La mort ouvre des possibles du côté des lectures comme celui des écritures. Le
livre d’hommage n’est plus conçu comme un tombeau fermé et humide, qui attire
la pluie et les pleurs, le rite et le deuil. Le livre ne provient pas tant
« de » lectures ou d’amours qu’il va « vers », ou
« à ». Son objet, ici, est un mouvement, celui de la vie : la
destination. Dans « destination » il y a « destin », certes ;
tragédie et fermeture : « Un destin ? Si peu. J’avance face à
toi.

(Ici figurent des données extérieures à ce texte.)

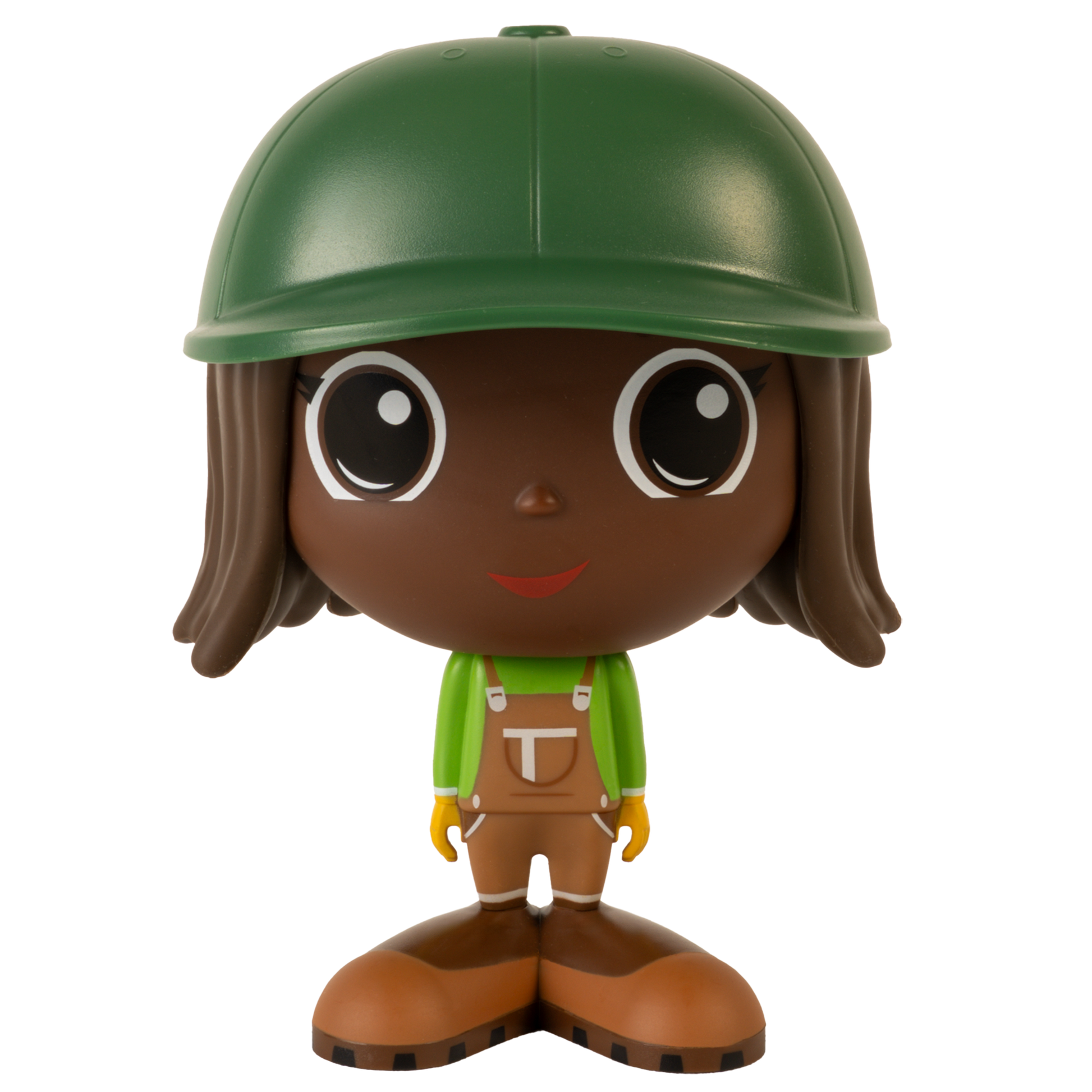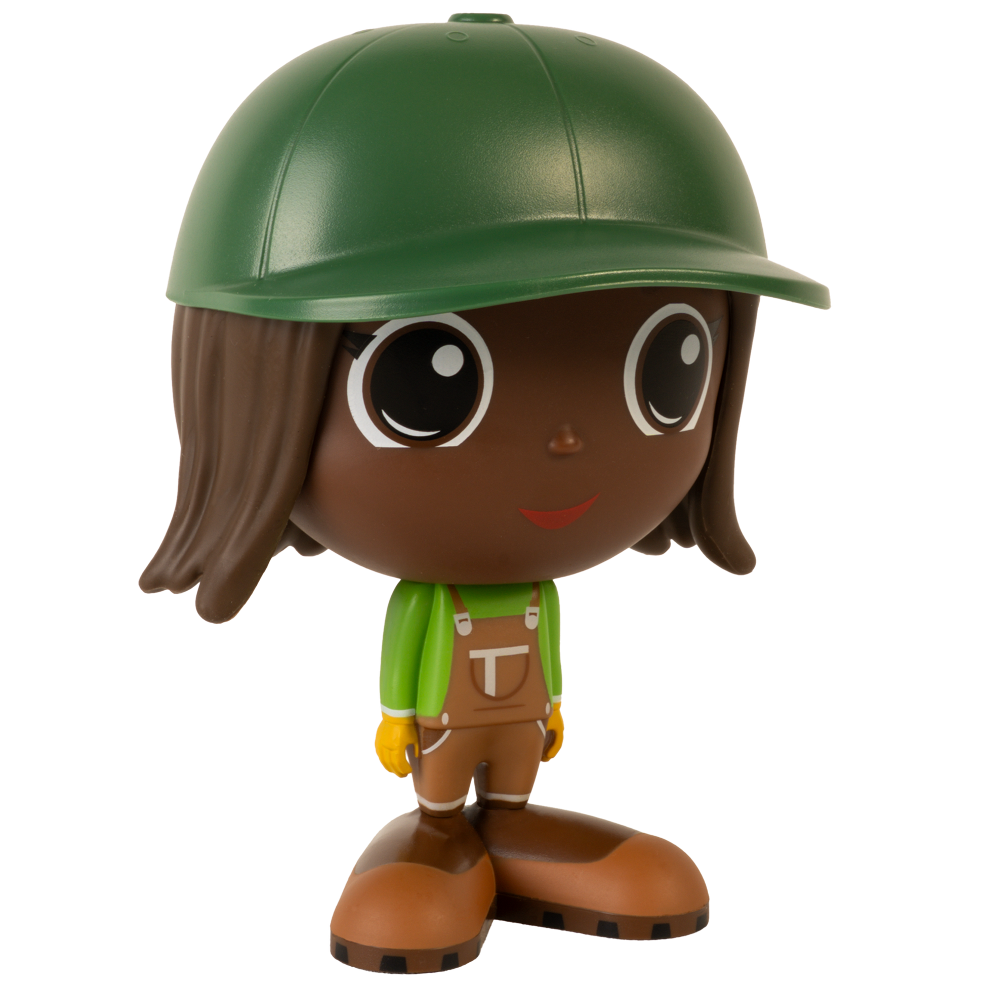 Chaque figurine de fermier Flek porte une chemise verte, une salopette de travail brune et une casquette assortie, parfaites pour les journées bien remplies à la ferme.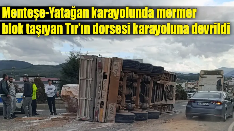 Menteşe-Yatağan karayolu üzerinde seyreden 48 AEV 906 plakalı TIR seyir halinde iken sürücüsünün direksiyon hakimiyetini kaybetmesi sonucu 48 AKF 422 plakalı dorsesi karayoluna devrildi.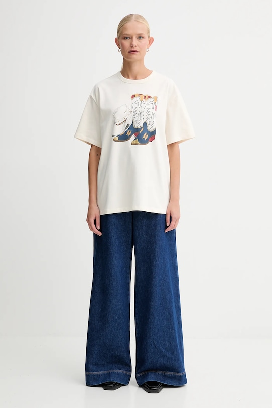 - Свободный крой. - Классический круглый вырез. - Короткий рукав. - Длина: 66 см. - Ширина под мышками: 50 см. - Размеры указаны для размера: S.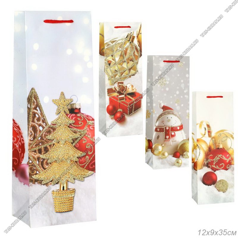 Пакет бумажный для бутылки (h35х12см) Пакет бумажный для бутылки (h35х12см) "Белое вино и ель" (12)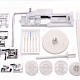 В комплекте Лапка универсальная, Лапка для пришивания молнии, Лапка для выметывания петли-автомат, Оверлочная лапка, Лапка для потайного шва,Лапка подрубочная, Лапка прозрачная для декоративных строчек, Направитель ткани, Набор шпулек., Набор игл, Вспарыватель, Большая отвёртка, Кисточки, Дополнительный катушкодержатель, Держатель для катушки (большой, малый),Фетровая прокладка под катушку, Жесткий чехол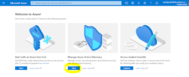 Step 1: Go to https://portal.azure.com/ and sign with your Dynamics 365 trial credentials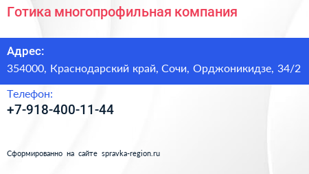 Готика, многопрофильная компания по адресу 354000, Краснодарский край, Сочи, Орджоникидзе, 34/2 в дальнейшем Организация, размещена в следующих категориях: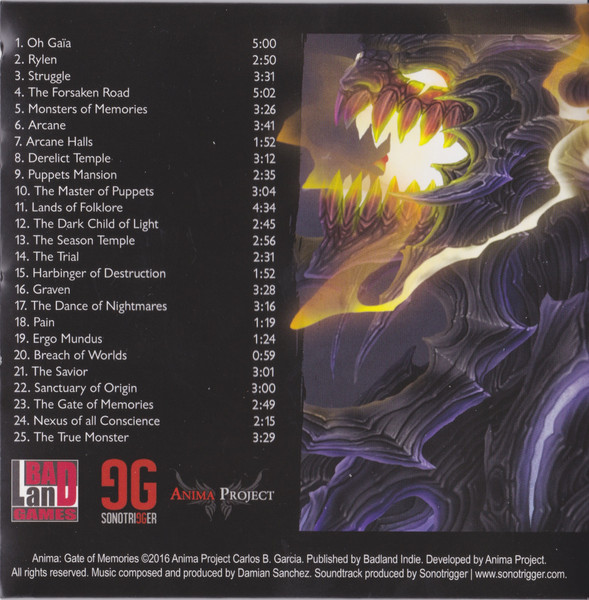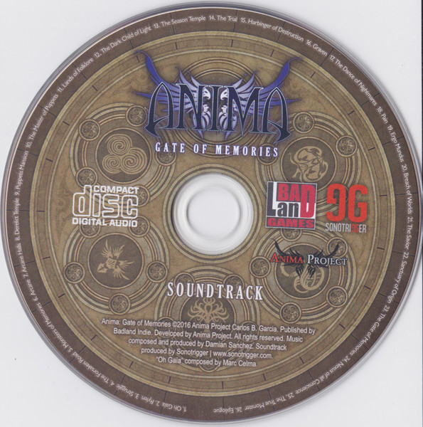 Soundtrack to the PC/Sony PlayStation 4 game Anima Gate of Memories.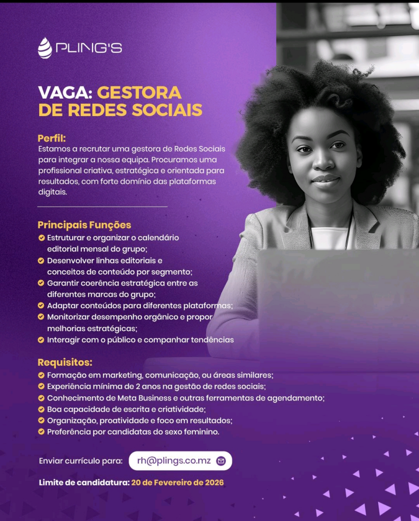O Grupo Plings encontra-se em processo de recrutamento de uma Gestora de Redes Sociais, responsável pela estruturação estratégica do conteúdo digital do grupo.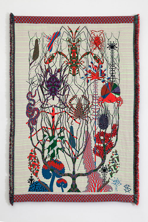 Saksi crea tapices con la técnica de tejido Jacquard . Los textiles han sido elaborados con lana de angora y alpaca, algodón y materiales sintéticos, como fosfato e hilos acrílicos de metal. El conjunto, marcadamente surrealista, hace referencia al estado de confusión sensorial que se produce en las fases intermedias entre el sueño y la vigilia, denominado alucinación hipnopómpica. Durante estos momentos, en ocasiones, se pueden tener percepciones visuales aparentemente reales que no lo son y que con frecuencia refieren a animales como arañas, monos e insectos, y otras criaturas. Los paisajes de Saksi, de formas orgánicas y colores vivos, crean un mundo multi-sensorial y psicodélico.
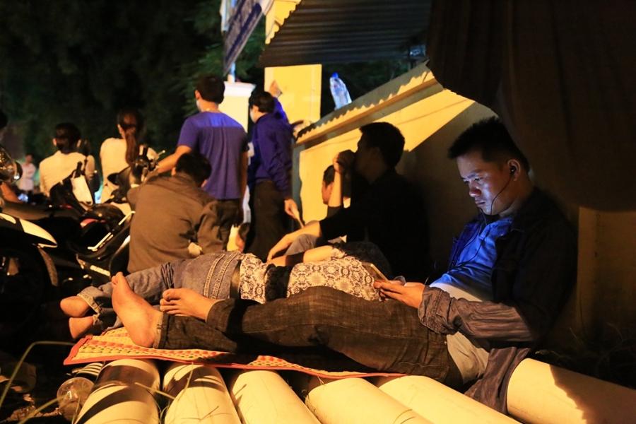 Nhiều phụ huynh tỏ ra lo lắng vì phải ngồi vạ vật xuyên đêm chờ nộp hồ sơ mà không biết chắc rằng con mình có được nhận vào trường hay không. Ảnh: Văn Dũng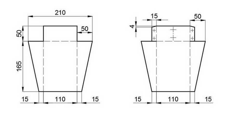 . Между ними и углами противоположной стороны листа проводят линии. Все линии делают заточенным металлическим стержнем. - Ставят лист металла на наковальню и, используя металлические планки, выгибают вверх заднюю часть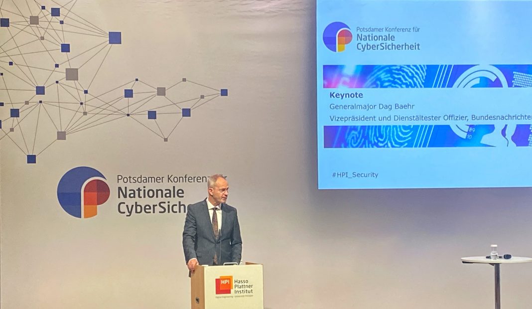 „Netzwerke und Datenhaltung“ der Ukraine seien gut aufgestellt und hätten viele russische Cyber-Attacken abgewehrt. Dag Baehr gab auf der Potsdamer Konferenz für Nationale CyberSicherheit Einblick in den Cyber-Krieg zwischen den beiden Staaten. Der Generalmajor des Heeres der Bundeswehr und Dienstälteste Offizier des BND fügte hinzu, dass Russlands „Umstieg auf Kriegswirtschaft“ die Ressourcen für Cyber-Spionage verknappt hätte. Putins „Reiseverhalten“ nach Nordkorea zeige ebendiese Ressourcenknappheit und den Versuch, Unterstützung vom Regime in Pjöngjang zu erhalten. Dennoch hält Baehr die Bedrohung für die deutsche Wirtschaft durch Russland für unverändert hoch. Zwar seien mittelständische deutsche Unternehmen mittlerweile besser auf Ransomware-Angriffe vorbereitet, speziell die Gefahr des Datenabflusses bestehe aber weiterhin.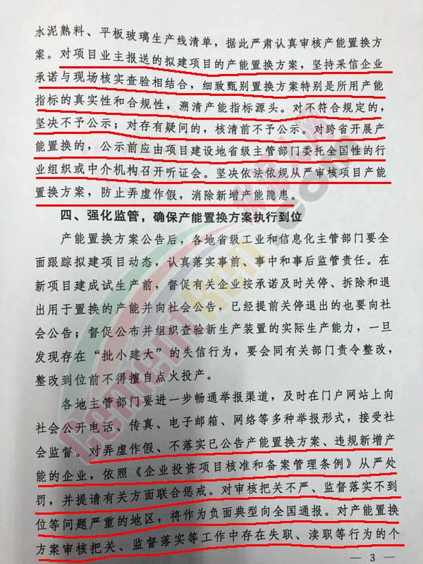 各地省級工業(yè)和信息化主管部門要按年度更新并公告本地區(qū)水泥熟料、平板玻璃生產(chǎn)線清單,據(jù)此嚴肅認真審核產(chǎn)能置換方案。對項目業(yè)主報送的擬建項目的產(chǎn)能置換方案,堅持采信企業(yè)承諾與現(xiàn)場核實查驗相結合,細致甄別置換方案特別是所用產(chǎn)能指標的真實性和合規(guī)性,溯清產(chǎn)能指標源頭。對不符合規(guī)定的,堅決不予公示;對存有疑問的,核清前不予公示。對跨省開展產(chǎn)能置換的,公示前應由項目建設地省級主管部門委托全國性的行業(yè)組織或中介機構召開聽證會。堅決依法依規(guī)從嚴審核項目產(chǎn)能置換方案,防止弄虛作假,消除新增產(chǎn)能隱患。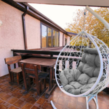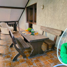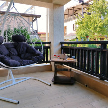 Терраса видом на территорию отеля, мебелью для отдыха ( стол, стулья) и кресло-кокон.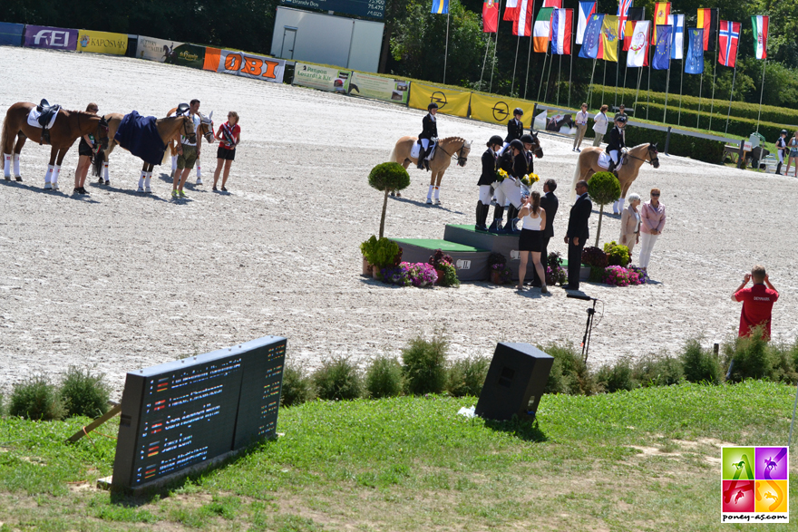 Dans ce dernier groupe auquel ont participé plusieurs « extraterrestres » de la discipline – tels que la géniale Movie Star du Néerlandais Marten Luiten (75,475%, 7e), la ballerine Madam’s Miss Maria associée à la Britannique Sophie Taylor (72,625%, 11e) et le multi médaillé SL Lucci de la Britannique Anya Kolleth (73,725, 9e) – on attendait peut-être un top score de Jana Lang et son petit NK Cyrill. Malgré une belle prise de risques sur une musique entrainante – trot moyen dans la première partie de diagonale, puis appuyers – l’autre couple allemand n’a pas réussi à devancer sa camarade Lucie-Anouk Baumgürtel… pas plus que les deux danoises… Jana et sa petite balle palomino se sont retrouvés au pied du podium. C’est dire le niveau de la compétition !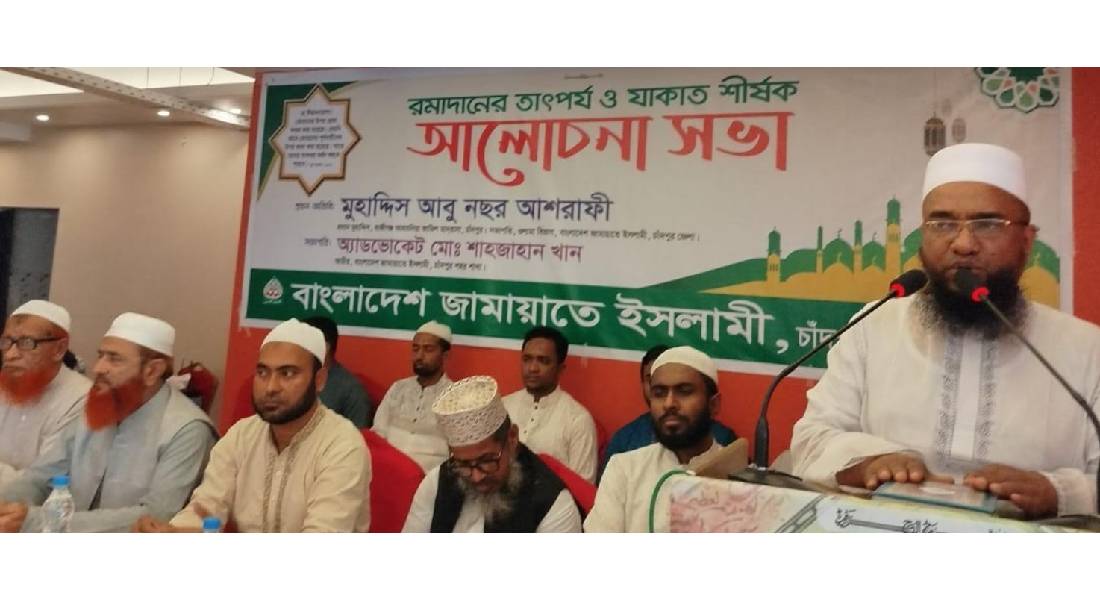 বাংলাদেশ জামায়াতে ইসলামী চাঁদপুর শহর শাখার উদ্যোগে রমাদানের তাৎপর্য ও যাকাত শীর্ষক আলোচনা সভা অনুষ্ঠিত হয়েছে। ২৮ ফেব্রুয়ারি শুক্রবার বিকাল ৩ টায় চাঁদপুর শহরস্থ ইউরেশিয়া কনভেনশন হলে এ আলোচনা সভার আয়োজন করা হয়।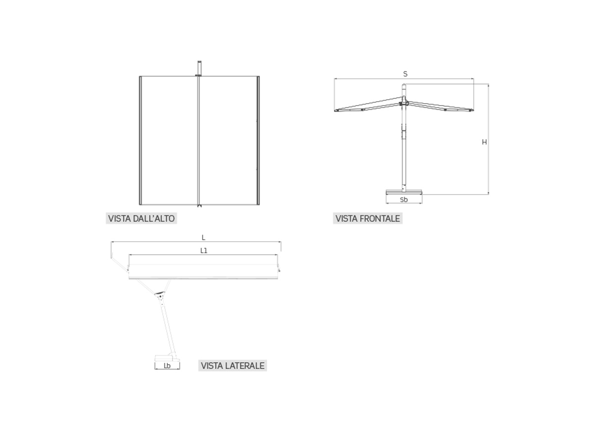 Sistema ombreggiante a palo singolo e dotato di trave orizzontale, dalla quale si diramano due tende da sole. Ciascuna tenda รจ montata su doppio braccio, che si estende lateralmente fino a produrre una grande superficie unica ombreggiante.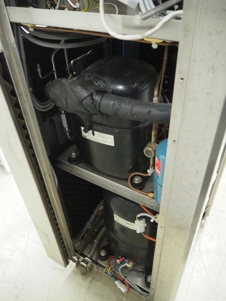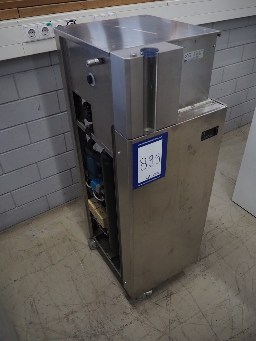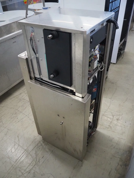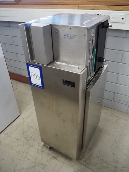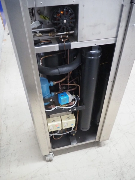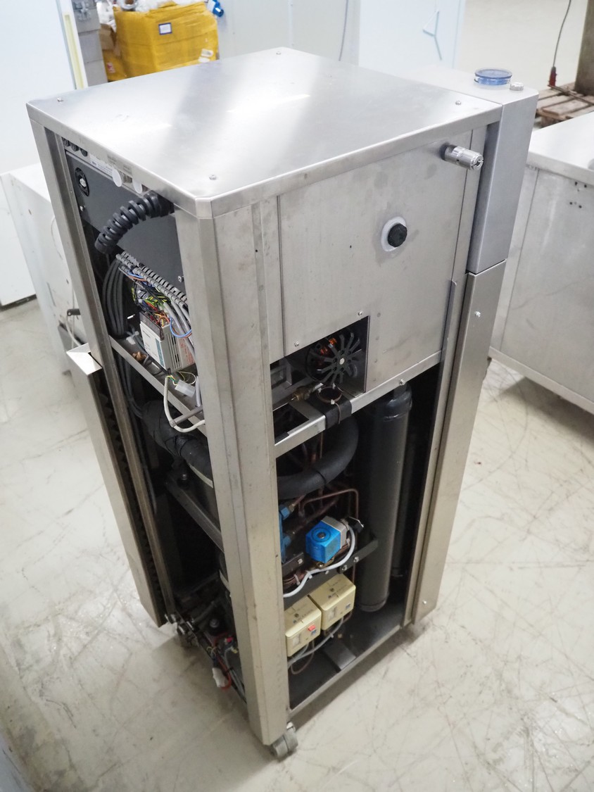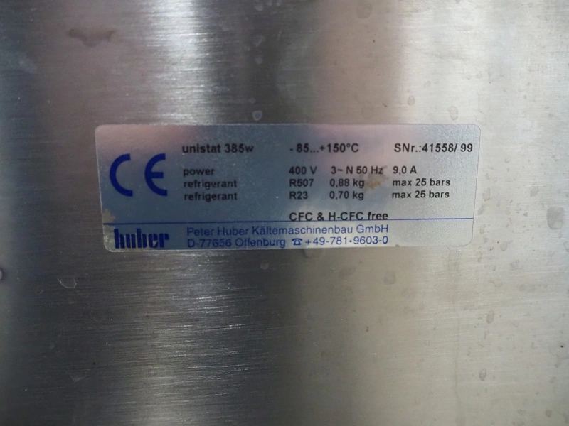 Huber mobile circulation thermostat for open baths and closed systems, model: Unistat 385w, serial number: 41558/99, 400-440 V, 3 Ph, 50/60 Hz, 9.5 A, refrigerant: R507, 0.88 kg, dimensions: 560 mm x 500 mm x 1340 mm. Incomplete.
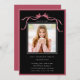 Invite friends and family to celebrate the graduate with this elegant invitation, featuring a deep blush ribbon bow with a photo.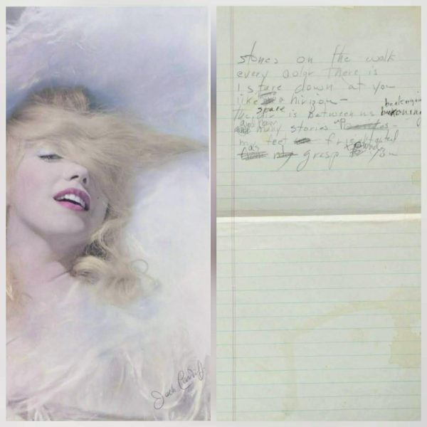 52 Marilyn-related lots were sold at the Icons & Idols: Hollywood event at Julien’s Auctions on December 2nd, 2021. Among them, my personal favourites are this signed portrait by Jack Cardiff, pastel-toned with ‘shimmery’ effect ($6,400); and a handwritten poem by Marilyn herself ($5,120), which reads as follows: “Stones on the walk/ every color there is/ I stare down at you/ like a horizon-/ the space-air is between us beckoning/ and I am many stories up/ my feet frightened/ as I grasp towards you …”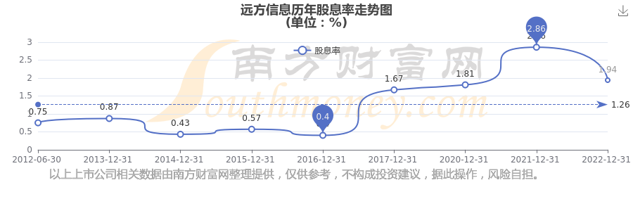 近年遠(yuǎn)方信息年度股息率走勢(shì)如下圖: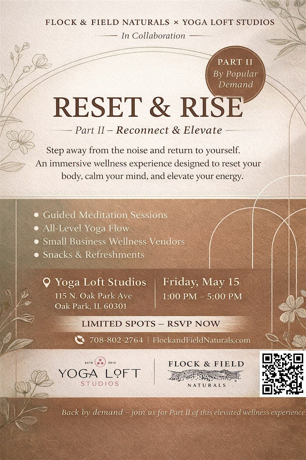 Join Flock & Field Naturals and Yoga Loft Studios for Part II of our immersive wellness experience—designed to help you reset, recharge, and reconnect with your body, mind, and energy.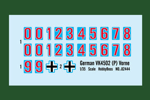 Hobby Boss 82444 1/35 scale German VK4502 (P) Vorne. This kit includes parts for the assembly of one plastic model kit. The set requires both glue and paint in order to be completed. Paints and glue are not included. For modelers aged 14 and older

J’attends, de retour au jardin, que le vent m’emporte au massif. J’ai
détruit le lierre qui t’a détruit. Tueuse je suis devenue pour que m’emporte un
vent sans racine ». On y trouve aussi l’élan d’un mouvement, le sens d’une
échappée, le désir de poursuivre une aventure qui n’aura pas pris fin avec la
mort de l’aimé. La narratrice n’est jamais au-delà, n’a jamais rien dépassé, ni
fait le deuil de personne. Et pourtant cette prose avance dans l’ignorance, et construit,
consolide la traversée : « : je ne sais rien je vais vers ».
Elle pose des jalons dans la langue, au fil des pages, qui, feuille après
feuille, constellent un « chaosmos » fait d’ordre et de démesure,
d’équilibre et d’excès, de volonté et d’attentes toujours incarnées en actes.
Ces options s’inscrivent à même le livre, sur lequel se disposent des blocs de
prose, des vers qui dévient ou s’articulent, se rencontrent et se fuient.
Chaque page vit la langue : elle
l’accueille et la dispose, la découpe et la monte. Les yeux du lecteur voyagent,
saisissent des signes dans les sens, des sens dans les phrases, des phrasés
dans les obliques, des pauses et des accélérations, des arrêts et des pleins.
On lit avec sa bouche et ses yeux, on oralise ce qui ne passe pas, on répète la
sidération. Bouche à bouche, bouche contre bouche. Ainsi, cet éclat qui brise
toutes les représentations, stupéfiant la lecture et accélérant les battements
du cœur : « Nous ne sommes si totalement ignorants qu’en écrivant.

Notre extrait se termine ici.